Whether it be Call of Duty, Battlefield, Battlefront, 1942, Metal Slug, Red Alert, Halo, Advance Wars, Metal Gear Solid, Wolfenstein… well, you get the point. There are A LOT of video games based on war and many of them are ultra popular. But why? Why do we like when things go “boom” so much? While there probably isn’t one absolute answer, we’re sure these couple of reasons are what gets people so entrenched in the war category.

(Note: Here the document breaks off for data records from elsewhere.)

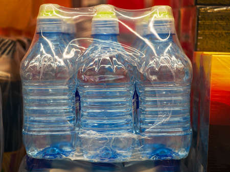 A package of mineral water with a sports cap. Wrapped in plastic wrap.
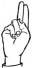 На ћирилици написано ДРАГАНА РЕСКОВИЋ састоји се из 15 слова [?]. Исписано ћириличном једноручном азбуком за глувонеме:
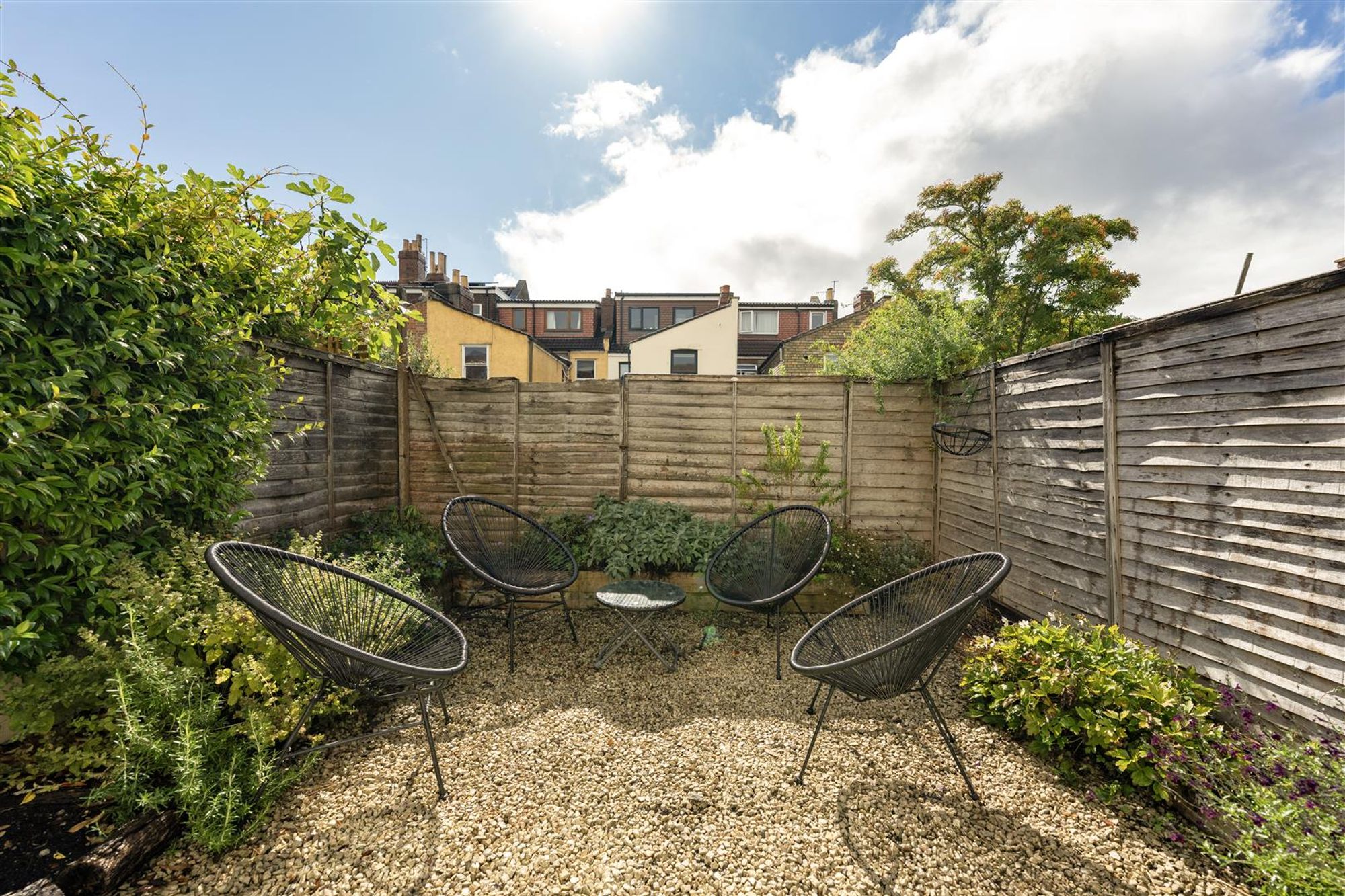 Externally, the rear garden begins with a paved courtyard bordered by a flowerbed, leading to a gravelled area that provides plenty of room for outdoor furniture. Surrounded by mature planting, it is a private and flexible space for entertaining or unwinding outdoors.

#1: It’s Fun to Work as a Team
Sure, a war might not be the friendliest subject matter, but because war is often times found in the “this team vs. that team” mentality, war games are cooperative by design. Take Call of Duty for example. One of the most popular franchises of all time has gotten that way because multiple generations of friends have gotten together for the same cause: to get more points than the opposing team. It might be a simple common goal, but it’s one that people can communicate about (a more personal affair when you can physically hear someone’s voice), develop strategies to overcome and, most importantly, make more friends while they’re accomplishing it. It all comes down to socialization. According to an article by Gamasutra, one of the five categories of appeal in video games is socialization, and because of the way online war games often work, they create one of the most social environments in all of gaming. Even if being social means we have to put up with that guy who won’t stop team killing us.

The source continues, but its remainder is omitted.